Top of Records provided

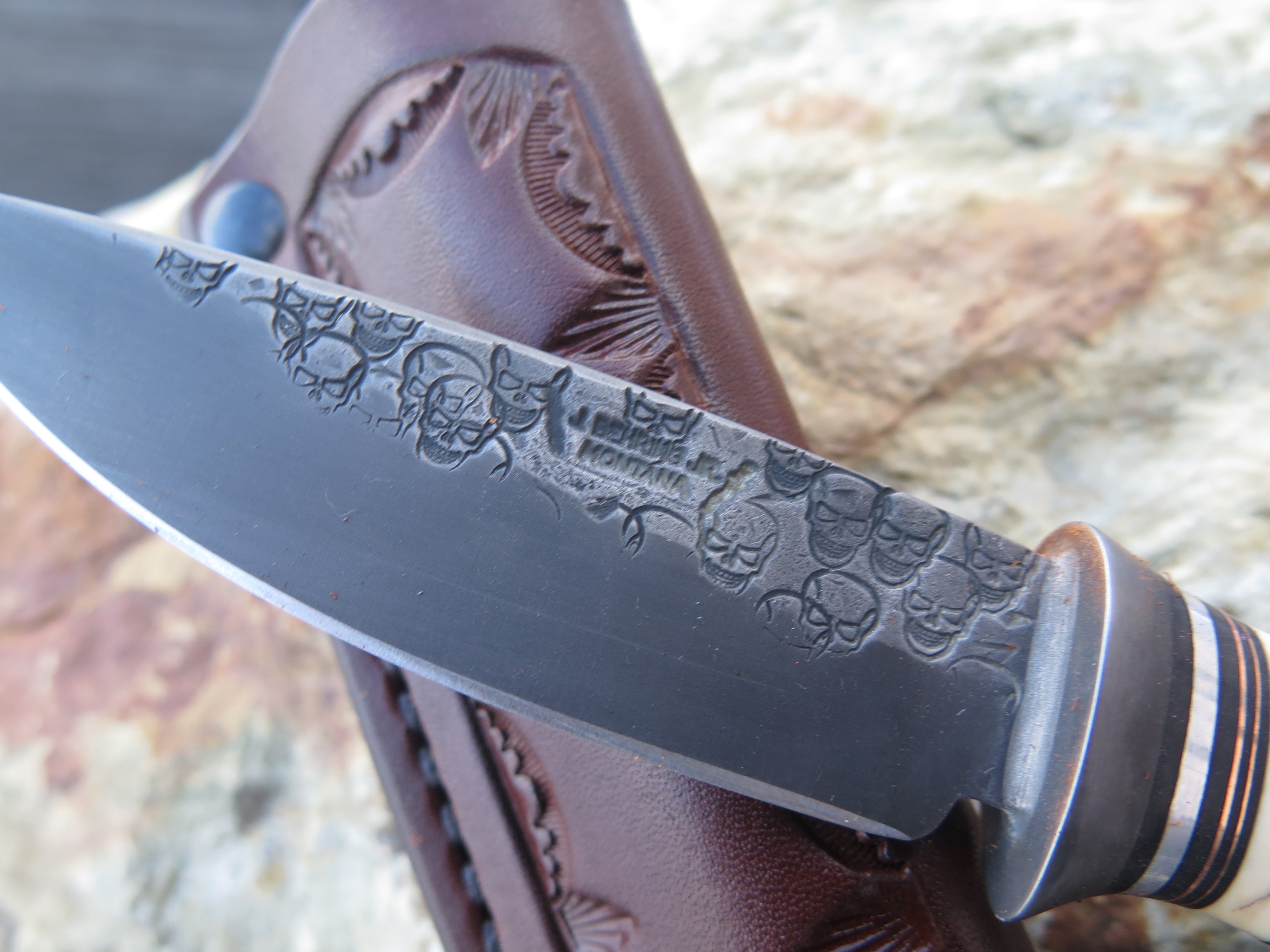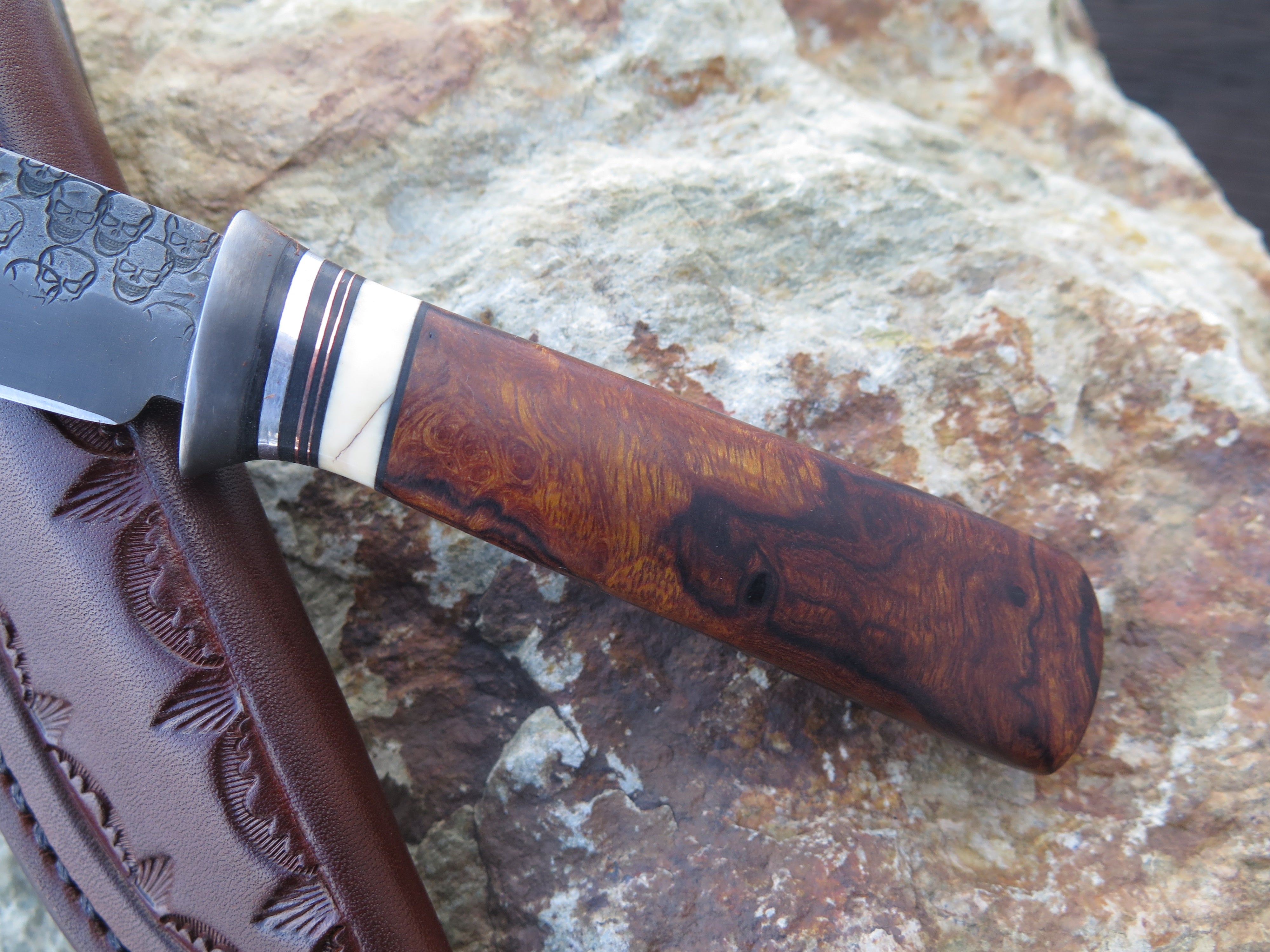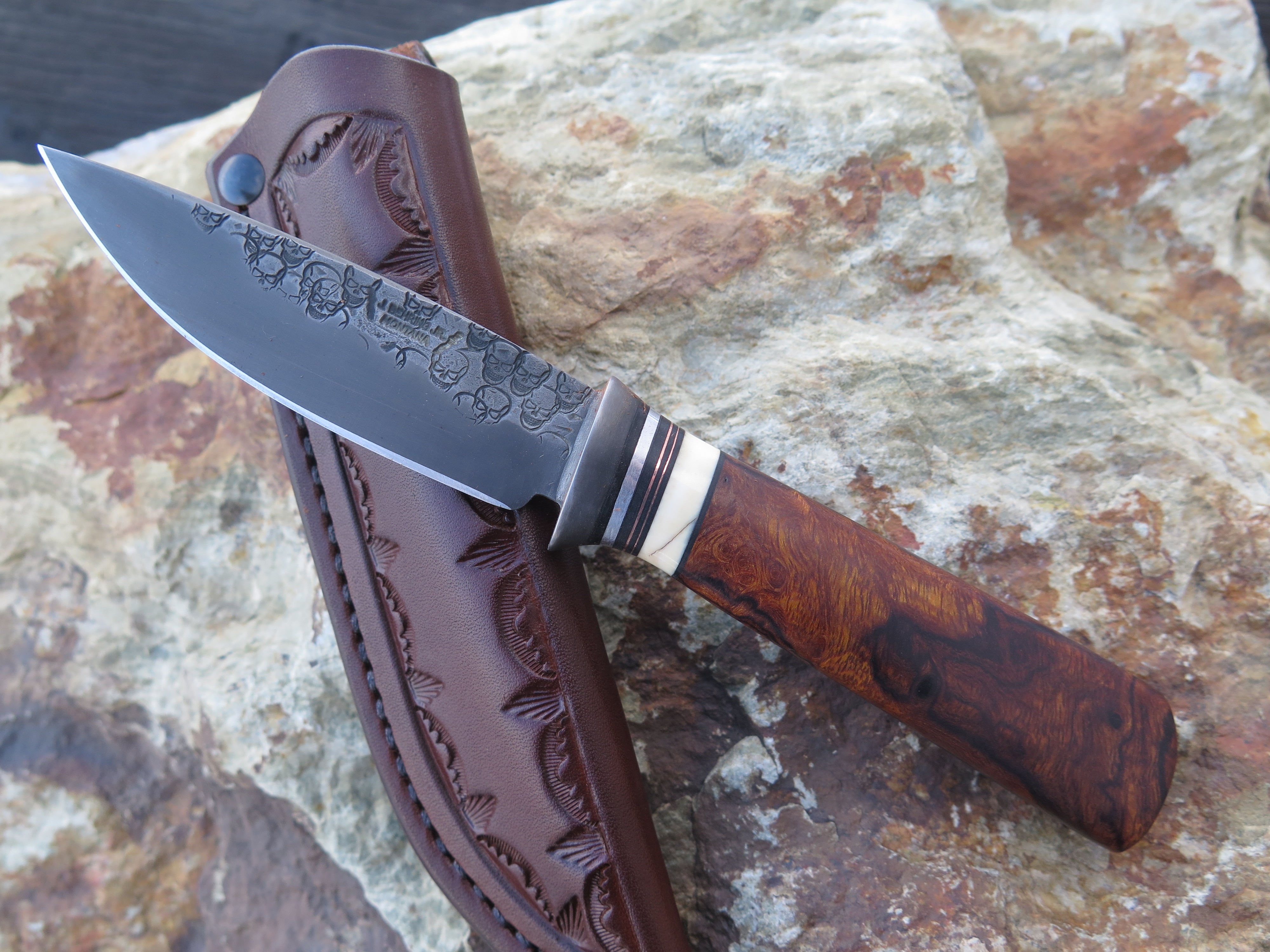 Desert Ironwood and Walrus Blued Ghost Skull Mini Drop Point
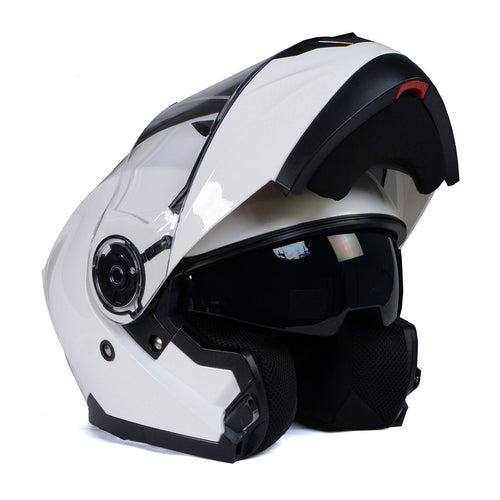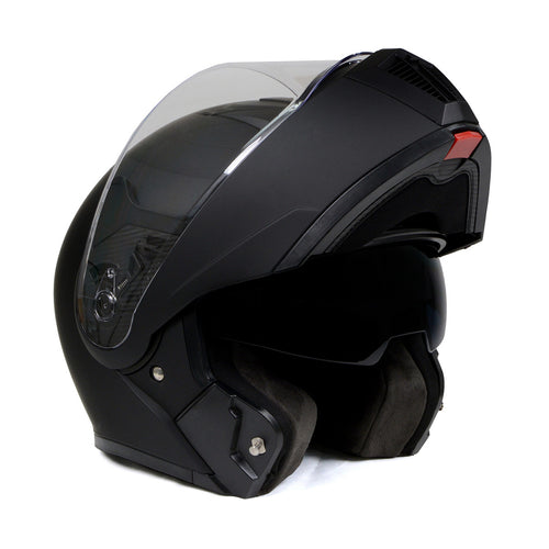 Modular Helmets look almost identical to full-face, but are actually a mixture of full-face and open-face, with a front chin-guard and visor that flips up to expose the whole of your face. While not offering as much protection as full face due to their flip mechanisms, they still offer a large amount of safety for all riders. Some modular motorcycle helmets allow the rider to remove the whole front piece and reattach it later as needed. Some also include separate visors for when the front piece is flipped up so that the rider is still protected from glaring sun while also having maximum airflow.
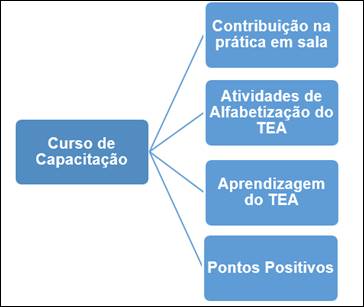 No que se refere ao Curso de Capacitação de Professores, na Figura 1, é elencada a categoria com as unidades contribuição na prática em sala de aula, atividades de alfabetização do TEA, aprendizagem do TEA e, por fim, os pontos positivos que o Curso de Capacitação de Professores trouxe para a prática dos profissionais da área da educação Especial e Básica com os alunos com Transtorno do Espectro Autista.
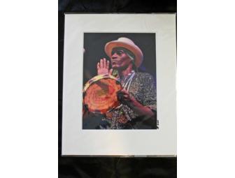Matted, color photo of Cyril Neville from the Tipitina's Foundation's 2011 Instruments A Comin' event, by San Francisco native, Rick Swig. Photo measures approximately 10.5"x15.5", matting measures approximately 16"x20".
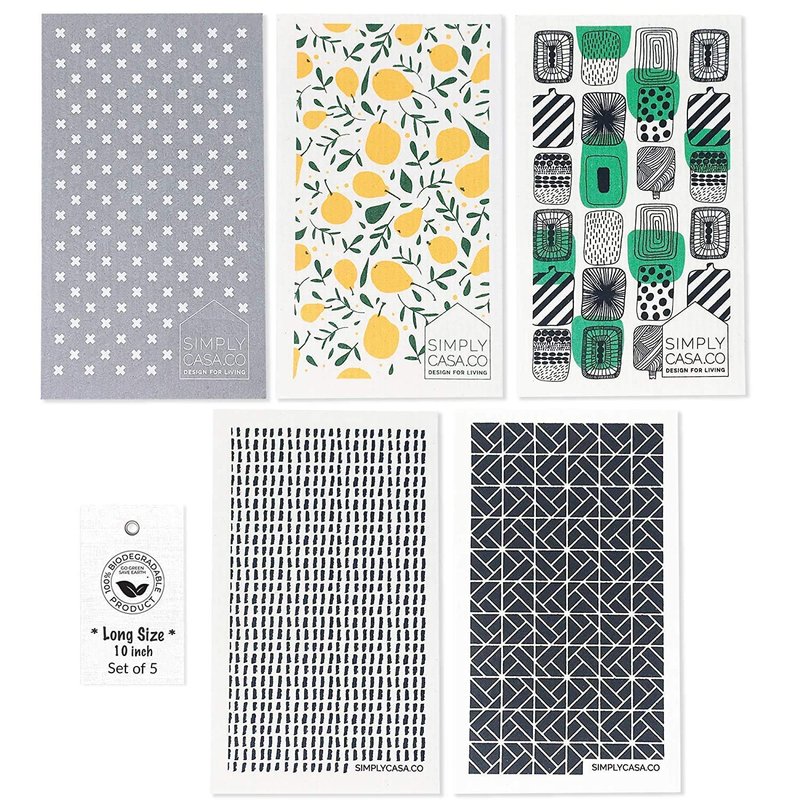 SIMPLYCASA Long Swedish Dishcloth Sponge Pack of 5, Eco-Friendly 100% Biodegradable Cellulose Sponge Cleaning Cloths, Kitchen Cloths

Bottom of Records provided

Set down a word-for-word copy of the records, dropping any picture.

• **Result for this task**
 Desert Ironwood and Walrus Blued Ghost Skull Mini Drop Point
 Modular Helmets look almost identical to full-face, but are actually a mixture of full-face and open-face, with a front chin-guard and visor that flips up to expose the whole of your face. While not offering as much protection as full face due to their flip mechanisms, they still offer a large amount of safety for all riders. Some modular motorcycle helmets allow the rider to remove the whole front piece and reattach it later as needed. Some also include separate visors for when the front piece is flipped up so that the rider is still protected from glaring sun while also having maximum airflow.
 No que se refere ao Curso de Capacitação de Professores, na Figura 1, é elencada a categoria com as unidades contribuição na prática em sala de aula, atividades de alfabetização do TEA, aprendizagem do TEA e, por fim, os pontos positivos que o Curso de Capacitação de Professores trouxe para a prática dos profissionais da área da educação Especial e Básica com os alunos com Transtorno do Espectro Autista.
Matted, color photo of Cyril Neville from the Tipitina's Foundation's 2011 Instruments A Comin' event, by San Francisco native, Rick Swig. Photo measures approximately 10.5"x15.5", matting measures approximately 16"x20".
 SIMPLYCASA Long Swedish Dishcloth Sponge Pack of 5, Eco-Friendly 100% Biodegradable Cellulose Sponge Cleaning Cloths, Kitchen Cloths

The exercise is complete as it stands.